### SUPPLIED MATERIAL

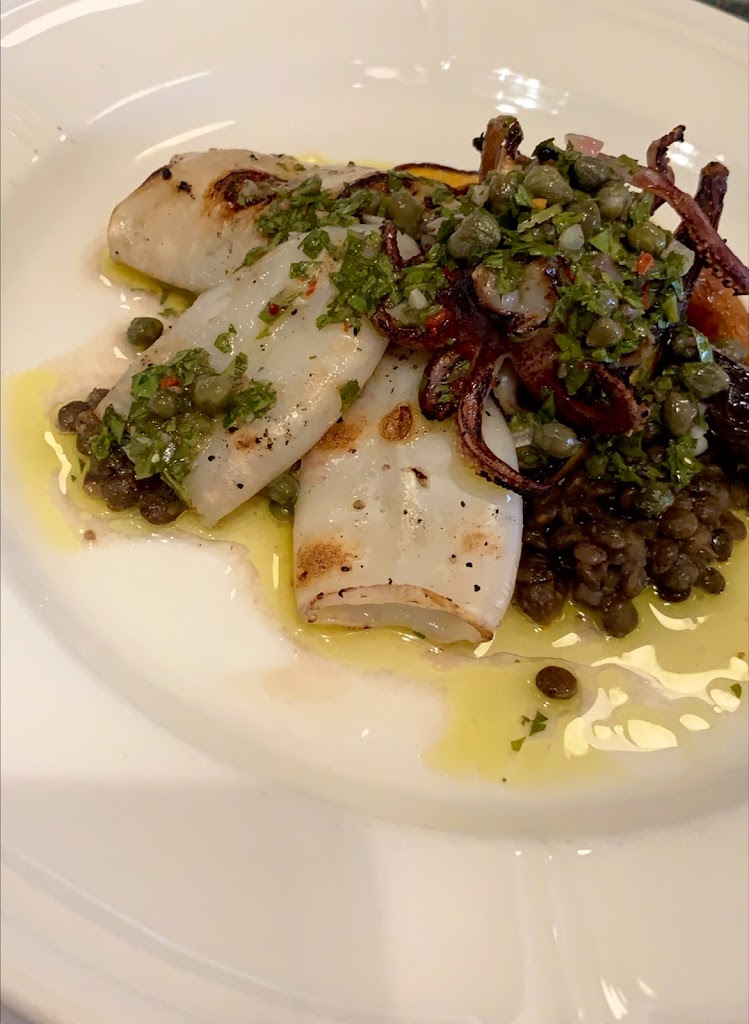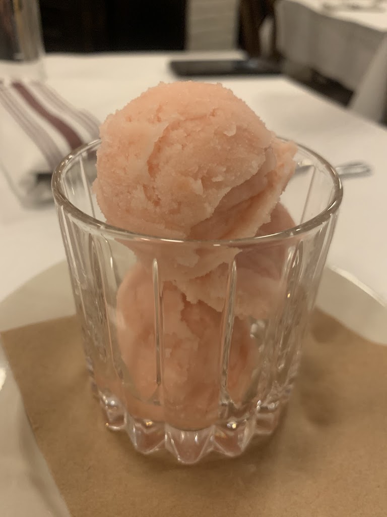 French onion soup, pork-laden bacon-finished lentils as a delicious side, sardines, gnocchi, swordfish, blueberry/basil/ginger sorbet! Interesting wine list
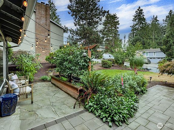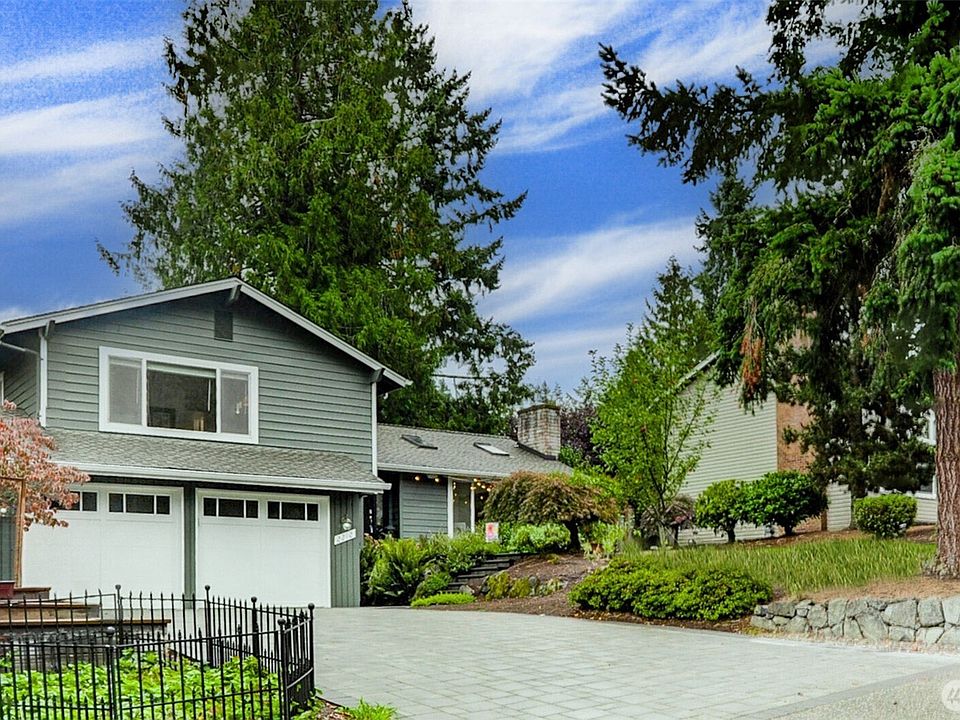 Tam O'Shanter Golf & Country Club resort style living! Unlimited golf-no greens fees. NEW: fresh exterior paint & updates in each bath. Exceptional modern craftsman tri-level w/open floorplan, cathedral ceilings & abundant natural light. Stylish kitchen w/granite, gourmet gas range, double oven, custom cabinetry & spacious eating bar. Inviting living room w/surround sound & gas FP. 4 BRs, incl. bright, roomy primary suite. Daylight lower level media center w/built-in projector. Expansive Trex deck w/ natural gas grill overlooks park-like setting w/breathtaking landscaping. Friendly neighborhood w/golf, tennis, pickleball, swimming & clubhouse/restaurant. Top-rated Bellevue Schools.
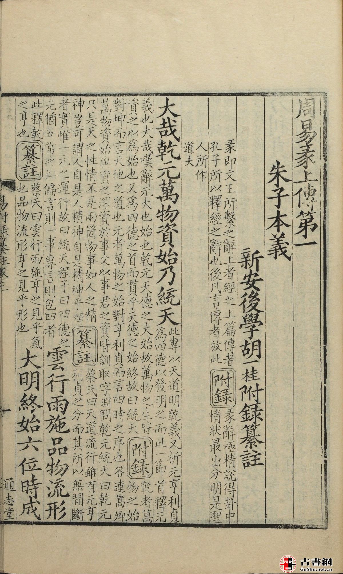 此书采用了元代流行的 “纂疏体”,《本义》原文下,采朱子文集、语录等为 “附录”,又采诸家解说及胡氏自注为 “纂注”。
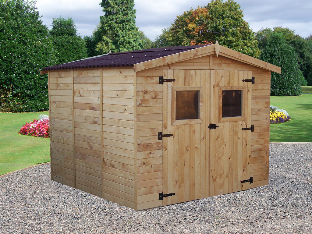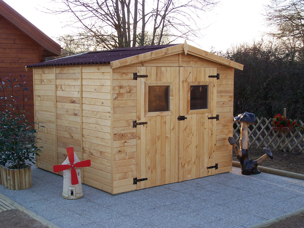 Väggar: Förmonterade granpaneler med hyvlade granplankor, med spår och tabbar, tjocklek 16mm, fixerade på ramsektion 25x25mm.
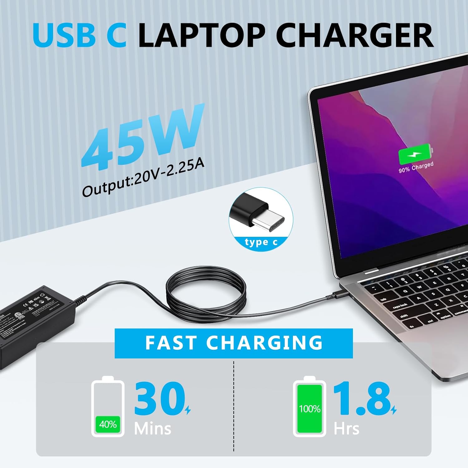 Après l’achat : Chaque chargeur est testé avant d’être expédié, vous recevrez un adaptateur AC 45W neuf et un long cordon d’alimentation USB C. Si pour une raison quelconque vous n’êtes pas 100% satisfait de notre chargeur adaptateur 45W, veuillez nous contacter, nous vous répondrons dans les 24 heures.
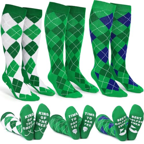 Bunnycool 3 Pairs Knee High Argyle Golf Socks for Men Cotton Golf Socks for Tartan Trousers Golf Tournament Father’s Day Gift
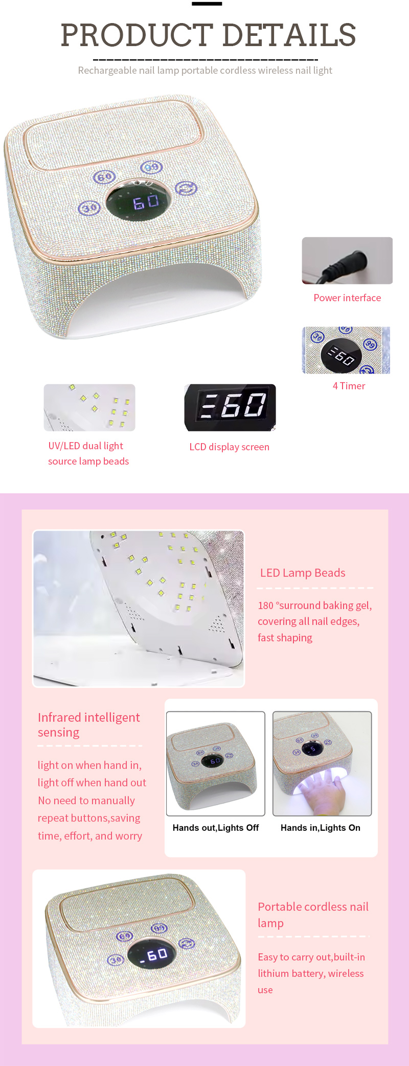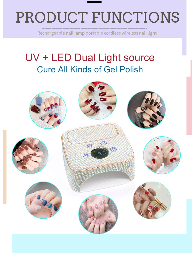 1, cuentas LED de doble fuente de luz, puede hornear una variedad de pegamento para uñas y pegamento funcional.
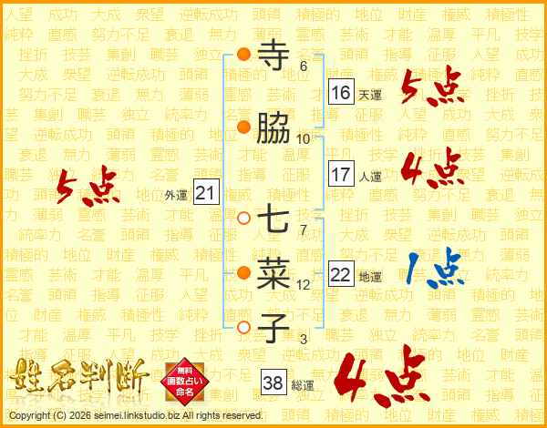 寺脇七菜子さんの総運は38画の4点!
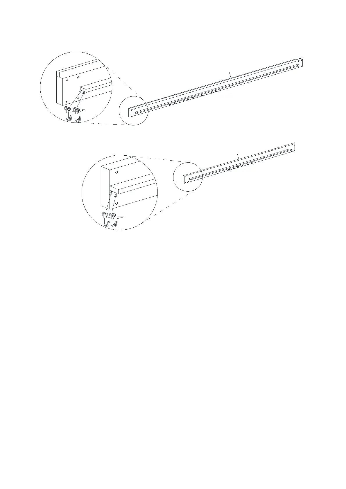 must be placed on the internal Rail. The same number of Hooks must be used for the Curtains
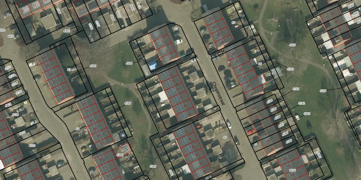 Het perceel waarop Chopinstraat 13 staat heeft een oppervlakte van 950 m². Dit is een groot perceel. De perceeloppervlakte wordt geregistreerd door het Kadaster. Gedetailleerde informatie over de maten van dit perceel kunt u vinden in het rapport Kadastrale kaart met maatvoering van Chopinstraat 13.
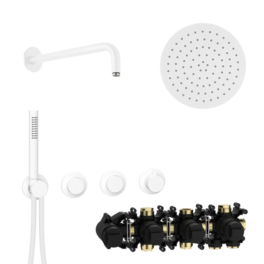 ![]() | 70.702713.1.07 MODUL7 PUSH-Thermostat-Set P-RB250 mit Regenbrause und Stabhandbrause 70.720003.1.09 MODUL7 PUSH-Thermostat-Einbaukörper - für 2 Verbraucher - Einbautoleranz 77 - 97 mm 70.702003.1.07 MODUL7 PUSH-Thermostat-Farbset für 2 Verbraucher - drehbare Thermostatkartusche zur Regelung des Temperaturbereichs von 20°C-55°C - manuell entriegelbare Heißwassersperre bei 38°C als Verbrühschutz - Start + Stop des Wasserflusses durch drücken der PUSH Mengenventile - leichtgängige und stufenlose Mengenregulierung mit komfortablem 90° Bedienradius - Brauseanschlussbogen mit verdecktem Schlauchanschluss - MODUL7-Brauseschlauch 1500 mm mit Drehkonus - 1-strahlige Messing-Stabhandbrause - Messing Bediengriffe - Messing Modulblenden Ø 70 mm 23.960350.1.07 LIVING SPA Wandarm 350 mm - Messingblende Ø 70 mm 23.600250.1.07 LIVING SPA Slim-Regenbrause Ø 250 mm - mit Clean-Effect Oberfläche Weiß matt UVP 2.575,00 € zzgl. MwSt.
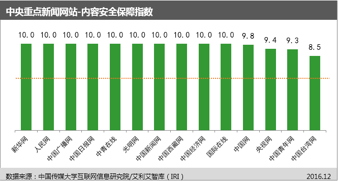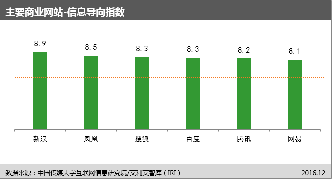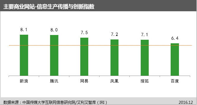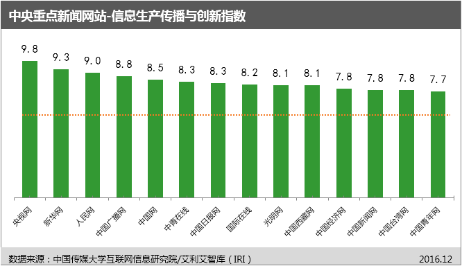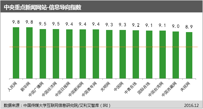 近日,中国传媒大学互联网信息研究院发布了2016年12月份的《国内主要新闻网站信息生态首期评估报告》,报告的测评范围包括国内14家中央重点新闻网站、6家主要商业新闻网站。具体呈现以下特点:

######

AIM OF THE TASK
Omit the pictures, then give every record back exactly as it stands.

TASK OUTPUT
 French onion soup, pork-laden bacon-finished lentils as a delicious side, sardines, gnocchi, swordfish, blueberry/basil/ginger sorbet! Interesting wine list
 Tam O'Shanter Golf & Country Club resort style living! Unlimited golf-no greens fees. NEW: fresh exterior paint & updates in each bath. Exceptional modern craftsman tri-level w/open floorplan, cathedral ceilings & abundant natural light. Stylish kitchen w/granite, gourmet gas range, double oven, custom cabinetry & spacious eating bar. Inviting living room w/surround sound & gas FP. 4 BRs, incl. bright, roomy primary suite. Daylight lower level media center w/built-in projector. Expansive Trex deck w/ natural gas grill overlooks park-like setting w/breathtaking landscaping. Friendly neighborhood w/golf, tennis, pickleball, swimming & clubhouse/restaurant. Top-rated Bellevue Schools.
 此书采用了元代流行的 “纂疏体”,《本义》原文下,采朱子文集、语录等为 “附录”,又采诸家解说及胡氏自注为 “纂注”。
 Väggar: Förmonterade granpaneler med hyvlade granplankor, med spår och tabbar, tjocklek 16mm, fixerade på ramsektion 25x25mm.
 Après l’achat : Chaque chargeur est testé avant d’être expédié, vous recevrez un adaptateur AC 45W neuf et un long cordon d’alimentation USB C. Si pour une raison quelconque vous n’êtes pas 100% satisfait de notre chargeur adaptateur 45W, veuillez nous contacter, nous vous répondrons dans les 24 heures.
 Bunnycool 3 Pairs Knee High Argyle Golf Socks for Men Cotton Golf Socks for Tartan Trousers Golf Tournament Father’s Day Gift
 1, cuentas LED de doble fuente de luz, puede hornear una variedad de pegamento para uñas y pegamento funcional.
 寺脇七菜子さんの総運は38画の4点!
 must be placed on the internal Rail. The same number of Hooks must be used for the Curtains
 Het perceel waarop Chopinstraat 13 staat heeft een oppervlakte van 950 m². Dit is een groot perceel. De perceeloppervlakte wordt geregistreerd door het Kadaster. Gedetailleerde informatie over de maten van dit perceel kunt u vinden in het rapport Kadastrale kaart met maatvoering van Chopinstraat 13.
 ![]() | 70.702713.1.07 MODUL7 PUSH-Thermostat-Set P-RB250 mit Regenbrause und Stabhandbrause 70.720003.1.09 MODUL7 PUSH-Thermostat-Einbaukörper - für 2 Verbraucher - Einbautoleranz 77 - 97 mm 70.702003.1.07 MODUL7 PUSH-Thermostat-Farbset für 2 Verbraucher - drehbare Thermostatkartusche zur Regelung des Temperaturbereichs von 20°C-55°C - manuell entriegelbare Heißwassersperre bei 38°C als Verbrühschutz - Start + Stop des Wasserflusses durch drücken der PUSH Mengenventile - leichtgängige und stufenlose Mengenregulierung mit komfortablem 90° Bedienradius - Brauseanschlussbogen mit verdecktem Schlauchanschluss - MODUL7-Brauseschlauch 1500 mm mit Drehkonus - 1-strahlige Messing-Stabhandbrause - Messing Bediengriffe - Messing Modulblenden Ø 70 mm 23.960350.1.07 LIVING SPA Wandarm 350 mm - Messingblende Ø 70 mm 23.600250.1.07 LIVING SPA Slim-Regenbrause Ø 250 mm - mit Clean-Effect Oberfläche Weiß matt UVP 2.575,00 € zzgl. MwSt.
 近日,中国传媒大学互联网信息研究院发布了2016年12月份的《国内主要新闻网站信息生态首期评估报告》,报告的测评范围包括国内14家中央重点新闻网站、6家主要商业新闻网站。具体呈现以下特点:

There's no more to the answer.